The mean annual air temperature (MAAT) and winter snow cover are the two most important climate factors that bring changes to the thermal state of permafrost and active-layer at various temporal scales. However, the complex interaction among surface biophysical factors (such as topography, surface organic layer, soil texture, soil moisture, volume of ground ice and snow) manipulates the response of permafrost to climatic changes. To evaluate the effects of recent (1941-2008) climate change (i.e. change in air temperature and winter snow depth) on permafrost dynamics (particularly temperature) we reconstructed the thermal history of permafrost at two different biophysical settings using Geophysical Institute Permafrost Laboratory (GIPL) 2.0 numerical model. The modeling results suggest significant difference in response of permafrost to climate change at these two sites even though they experience similar climatic condition. The study found that permafrost temperature (at 1 m depth) rose by 0.6 °C and 1.0 °C and active-layer deepen to a maximum depth of 0.5 m and 1.0 m during 1976-1995 at the two sites in response to increase in MAAT, winter air temperature and snow depth. During 1996-2008 the permafrost temperature decreased by 0.5 °C at both the sites mainly due to record low winter snow depth.

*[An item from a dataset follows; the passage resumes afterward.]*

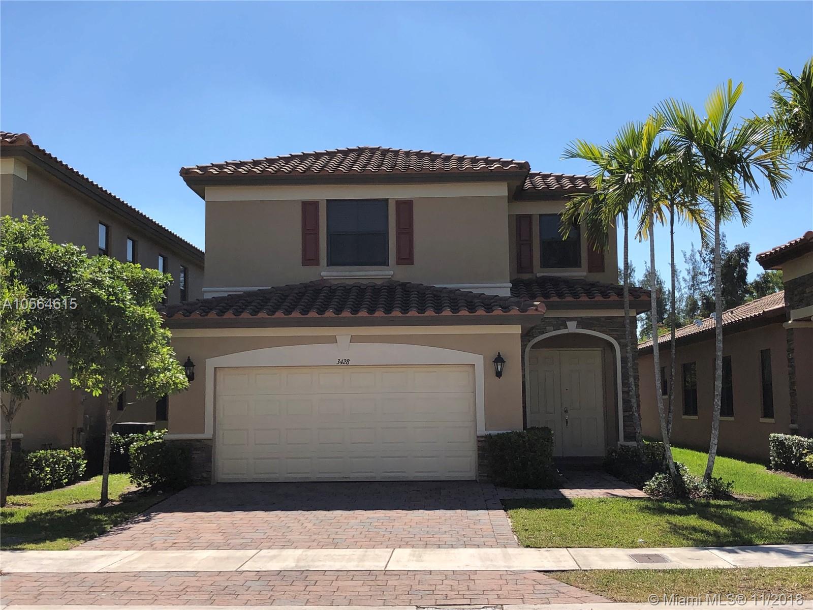 Best priced home at Aragon, a Resort style gated community with 24/7 security. This cozy home features open and bright spaces, a spacious kitchen with granite countertops, stainless steel appliances, a comforting garden view and a guest bathroom in its ground floor. The 3 bedrooms and 2 baths along with the laundry room are located on the second floor. The oversized master has 2 walking closets and a massive master bath with double sink and separate tub and shower. Enjoy the Miami lifestyle grilling in your backyard or at the community amenities: pool, spa, fitness center or the kids playground. All this beauty near A+ schools and easy access to major roads and highways.

We found that snow has a much stronger influence on permafrost temperature and active-layer depth than previously understood. Further, the modeling results demonstrated that active-layer is not only a function of summer air temperature but also MAAT, winter air temperature and snow depth. The difference in the permafrost response between these two sites is due to the difference in the volume of ground ice. Permafrost at the site with more ground ice is more resilient to climate change.